After six business trips in the past two months, the unspoken rules of the game (outside of these no-brainers that people seem to forget) for flying Southwest Airlines are becoming abundantly clear to me.
If you are in the A1-30 section or one of the early boarders (use earlybird check-in to have any chance of being one of these lucky few) you sprint to get an aisle or window seat in the exit row – right past the rookies who think the first few rows are first class or most valuable. You are able to take what you want – everyone seems to have an aisle or window preference.
Funny thing is, it seems people with weak bladders like window seats the best – the Larry David’s of the world should tell them that’s a bad choice.

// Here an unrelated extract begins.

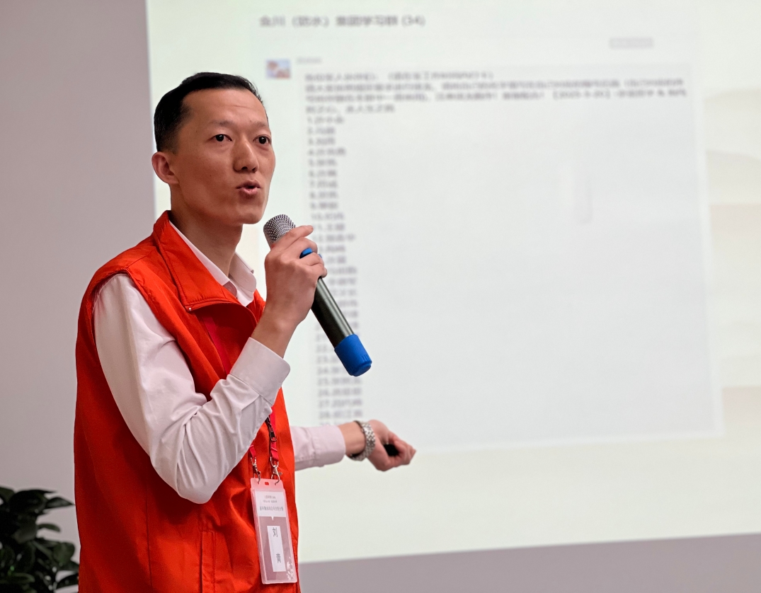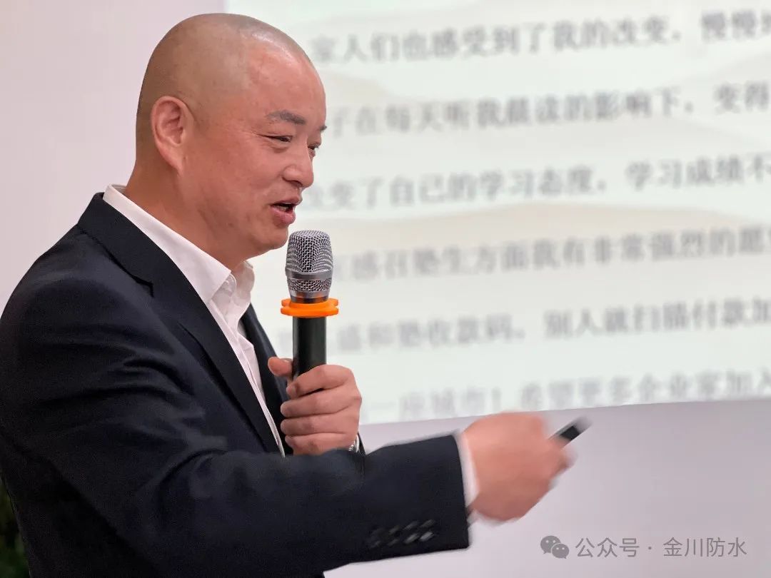 学习会在激昂的《歌唱祖国》歌声与经典诵读中开场。东道主深圳金川防水(集团)刘青学长代表介绍,金川防水是行业头部企业,集研发、设计、生产、销售、施工于一体,提供一站式服务。公司有150余名正式员工,其中30名中高级技术人才,10名研发人员,技术总顾问是享受国务院津贴的防水专家金树清。历经二十一年发展,金川防水(集团)在国内拥有防水防腐保温工程专业承包一级资质、装修装饰工程专业承包二级资质,印尼公司拥有工业与住宅建筑施工总承包资质。并在安徽建立了5万平方米生产基地,引入国际先进生产线与工艺,卷材年产能达1千万平方米,涂料达5万吨。公司通过多项权威体系认证,实验室设备国内领先。

In A31-60, the game is still to get an aisle or window, and hopefully pick someone unpleasant in your row to ward off middle seaters on the way. You start puffing yourself up to occupy more space, put your personal items in the middle seat and hope the flight isn’t full. Sometimes you gamble, lose, and end up with this guy:
In A31-60, you can still get a decent seat but comes at a price – baby on board (unfortunately, not this stud), back of the plane, etc.
By B1-30 you are looking for a miracle and it does, indeed, pan out sometimes. Or you just give in early and pick a middle seat up front between two small people that look preoccupied so they won’t talk your ear off. We’re all trying to avoid the nice elderly lady or the loud businessman in the bad suit who drone on and on.
After the early B’s, you are pretty much screwed – but can still apply the B1-B30 strategy of avoiding disaster. However, the fun part about having a loser boarding pass is that you can ruin a smug passengers day – look for the person who will be most pissed if you sit there.
Sorta like dropping a draw four on someone in UNO.
I’m flying to Aspen and Vegas next month so watch out! Maybe we’ll have this attendant to lighten the mood once I drop a draw four on my fellow travelers.